Lors de la traditionnelle cérémonie des vœux, Marie-Luce Penchard, ministre de l’Outre-mer, ne s’est pas étendue sur les mesures gouvernementales ciblant les collectivités, avec le gel des dépenses, et la baisse des budgets pour le logement, le sanitaire, le social, la culture, la jeunesse et les sports, l’insertion économique et la coopération régionale. Ces restrictions vont à l’encontre de plusieurs années de politique à La Réunion, où il a été mis en avant un co-développement, lui permettant de s’allier aux pays voisins de la Zone Océan Indien, par exemple.

« Aujourd’hui, les territoires ont des projets »

Arguant les projets mis en place en Martinique et en Guyane avec la poursuite de « la construction de collectivités uniques », en Polynésie avec la réforme du fonctionnement des institutions, à Mayotte qui devient le 101ème département en mars prochain, et en Nouvelle-Calédonie avec « la mise en œuvre des décisions du comité des signataires dans un esprit consensuel », la ministre oublie de citer La Réunion, où les grands chantiers (route du Littoral, tram-train), porteurs d’emplois et d’activités, ont été supprimés par la majorité UMP à la Région.
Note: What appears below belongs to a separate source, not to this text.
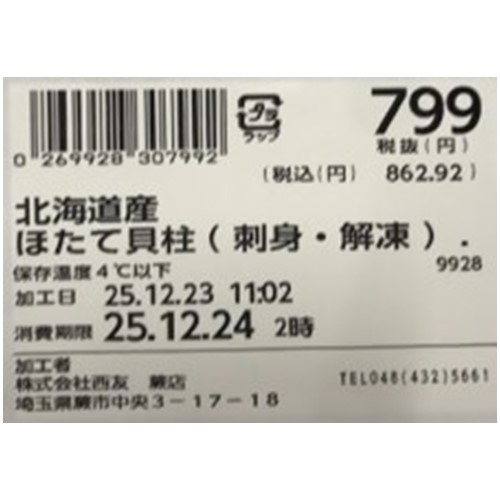 西友「北海道産 ほたて貝柱(生食用・解凍) 」(東京都、神奈川県、千葉県、滋賀県の西友店舗で販売) - 返金/回収

Ces projets auraient non seulement permis d’enrayer le chômage, mais surtout de relancer l’activité de l’île, pouvant ainsi faire face à la crise économique.
« Le président de la République a décidé que 2011 sera l’année de l’Outre-mer. Cette année sera votre année. Cette année va changer le regard sur l’Outre-mer. Cette année, nous allons ensemble continuer à faire redécouvrir les Outre-mer. Les lumières de la France partout dans le monde ». Le monde aura un regard différent sur l’Outre-mer, mais La Réunion n’aura pas droit à son lieu de mémoire, destiné à informer les Réunionnais, les autres citoyens de la République et le monde des richesses culturelles de l’île.
La MCUR (Maison des civilisations et de l’unité réunionnaise) a été supprimée pour des raisons politiciennes, et le besoin de certains dirigeants d’effacer la mémoire réunionnaise. 2011 aurait pu voir apparaitre un tel centre culturel, comme à Haïti, en Martinique et en Guadeloupe, où des musées sont destinés à faire « reconnaître et valoriser les spécificités des cultures ultramarines et leur contribution essentielle au pluralisme artistique et culturel de notre pays », a expliqué Frédéric Mitterrand en juillet 2010.
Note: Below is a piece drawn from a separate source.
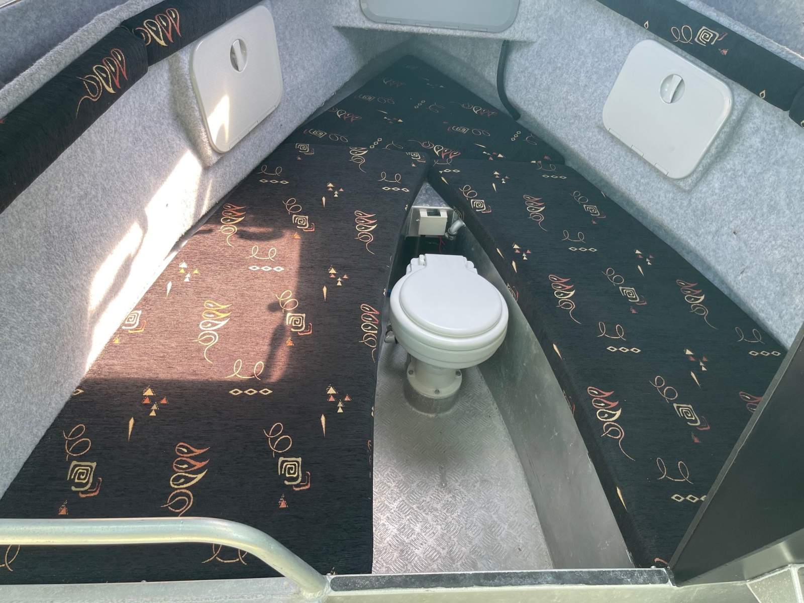 Enclosed Lockable Cabin, Windscreen Wipers, Electric Toilet, Walk Thru Transom with Removeable Doors.

Beaucoup de paroles, et peu d’actes

Les vœux de la ministre s’apparentent à du Didier Robert : la communication est rodée. Si bien que la ministre est parvenue à faire passer l’arrivée de la TNT (sans elle) pour une innovation indispensable à La Réunion. Alors que l’île connait un taux de chômage de 28,9% au second trimestre 2010, les mesures envisagées par l’ancienne Direction de Région auraient atténué ce chiffre, mais des décisions politiques ont porté atteinte à l’économie, et la société réunionnaise. La ministre a déclaré : « l’emploi (...) concentre toute notre attention », une telle affirmation aurait eu une signification avec la concrétisation des projets actés par le Protocole de Matignon. Mais il n’en a rien été.
En ce qui concerne le logement social, « pour lequel nous continuons d’accroitre nos efforts », cela reste l’une des préoccupations principales des Réunionnais. Plus de 26.000 ménages ont déposé une demande de logement locatif social auprès de bailleurs sociaux.
Pour satisfaire le droit au logement pour tous, il faudrait que l’État puisse construire 12.000 logements par an, pendant trois ans (pour la période 2007/2010). Ce qui aurait représenté 36.000 logements pour l’île, mais les ambitions du gouvernement ne sont pas tenues. Nicolas Sarkozy n’a pas été en mesure de satisfaire la loi DALO (Droit Au Logement Opposable), qui aurait évité la crise du BTP à La Réunion, et permis de loger des milliers de ménages.
« Je forme le vœu que cette nouvelle année permette aux Outre-mer de connaitre une reprise économique portée par un retour de la confiance dans un climat social apaisé », a déclaré la ministre. Cette dernière oublie de citer les restrictions budgétaires lancées dans l’Outre-mer, ainsi que le plan de rigueur du gouvernement pour les collectivités. De même, la situation sociale risque de s’alourdir, suite à l’aggravation de l’économie réunionnaise : chômage, pauvreté, précarité et illettrisme, entre autres.